Si tôt ces mots prononcés, Penny se leva, avança le long de l’allée centrale et fit face au portail et à l’ombre gigantesque qui en sortait. Le monstre tendit sa main vers elle en gémissant. Penny lui rendit son geste et s’écria : « KLAR ! »

Soudain, des liens sortirent du portail et se mirent à enlacer l’ombre, la stoppant dans sa course. La brume qui l’accompagnait semblait aussi réagir et commença à reculer lentement.

— Ça fonctionne ! s’écria-t-elle en laissant échapper un sourire de soulagement.

L’ombre continuait de lutter et d’hurler à la mort mais le portail se défendait de nouveau et sa magie semblait prendre le dessus. La bête entra dans un état de rage, elle se débattait avec fureur, se mit à marteler le sol et à tout détruire d’un revers de main. Les pierres se mirent à chuter de plus belle et l’édifice tout entier semblait sur le point de s’écrouler.

— Penny, il faut partir ! La salle est en train de s’écrouler !

— Tu as raison, le portail à l’air de bien se défendre. Fichons le camp d’ici !

Penny prit son ami sous son bras et l’aida à se relever, ils partirent en direction de la sortie de la salle lorsqu’un tentacule de fumée noire se saisit de Penny, la souleva du sol et l’attira en plein dans l’écran de fumée que dégageait l’ombre. Penny disparut, absorbée par l’entité qui hurla de nouveau à plein poumon.

— Penny ! hurla Lestrate resté au sol, désoeuvré et prit de cours.

Le portail maintenait son emprise sur la bête et elle était presque entièrement rentrée. L’immense porte se mit à rétrécir en laissa de nouveau échapper un doux murmure. Sa couleur se mit à changer et vacilla du bleu au vert en scintillant de plus en plus fort. L’ombre finit rapidement par se faire engloutir et laissa échapper un dernier râle qui s’atténua petit à petit. Le scintillement du portail cessa, comme pour marquer la fin du combat.

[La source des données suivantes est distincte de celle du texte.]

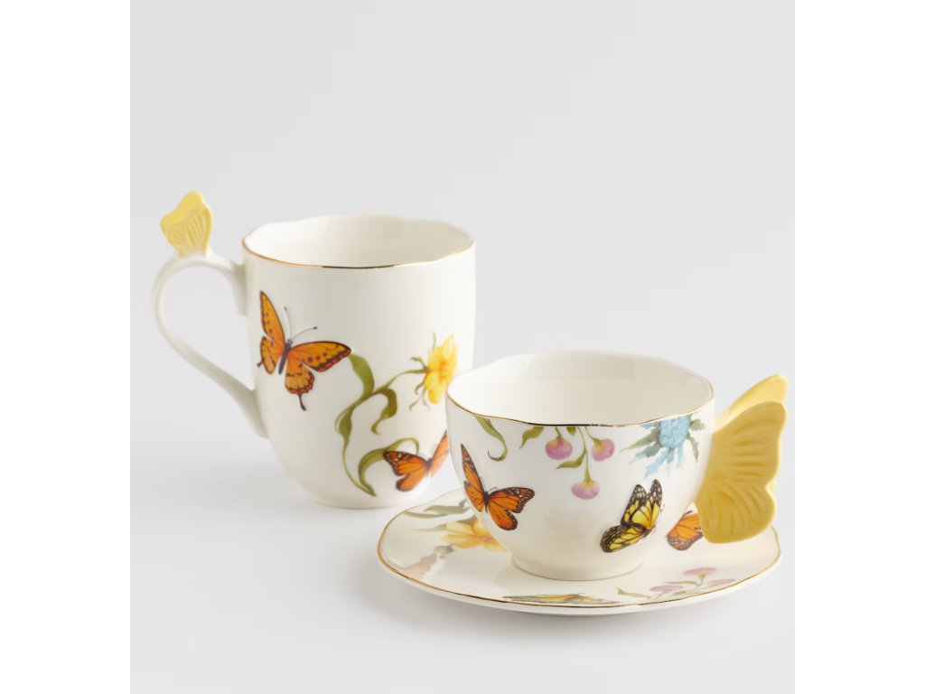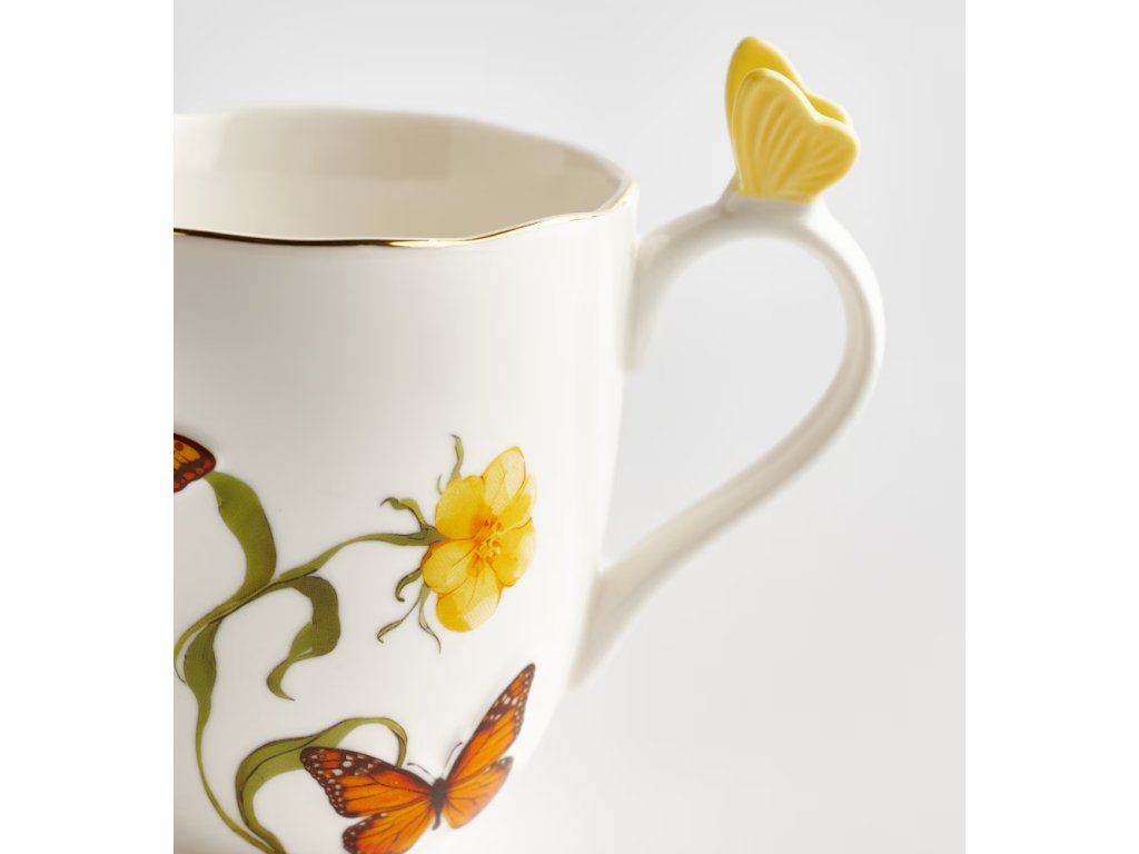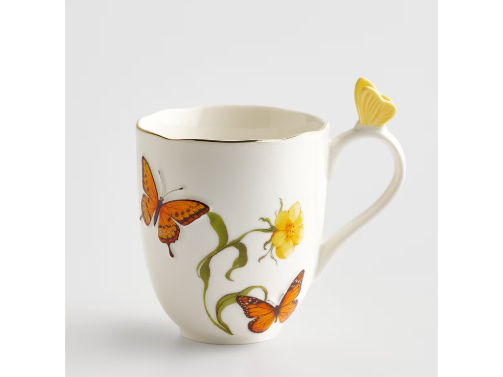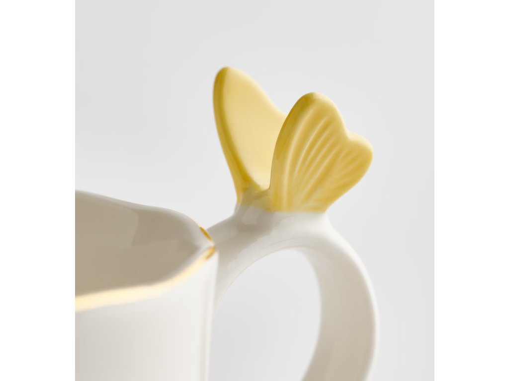 Jemný hrnček z porcelánu, zdobený krásnym motívom motýľov. Je ideálny na každodenné použitie, na kávu, čaj alebo iné obľúbené nápoje. Decentné zdobenie mu dodáva ľahkosť a jedinečný pôvab, vďaka čomu sa každý dúšok stane pôžitkom.

Le calme reprit vite sa place. Les cris et l’agitation présent quelques minutes auparavant ne sont désormais qu’un souvenir. Lestrate était seul, au milieu de cette immense salle à contempler le portail. Il tomba à genou, hurla le nom de son amie engloutie par la créature en espérant qu’elle l’entende. Il continua d’appeler Penny pendant plusieurs minutes jusqu’à faire face à l’évidence : son amie venait de mourir ce soir.

Lestrate joignit ses mains et entama une prière en hommage à Marx et Penny.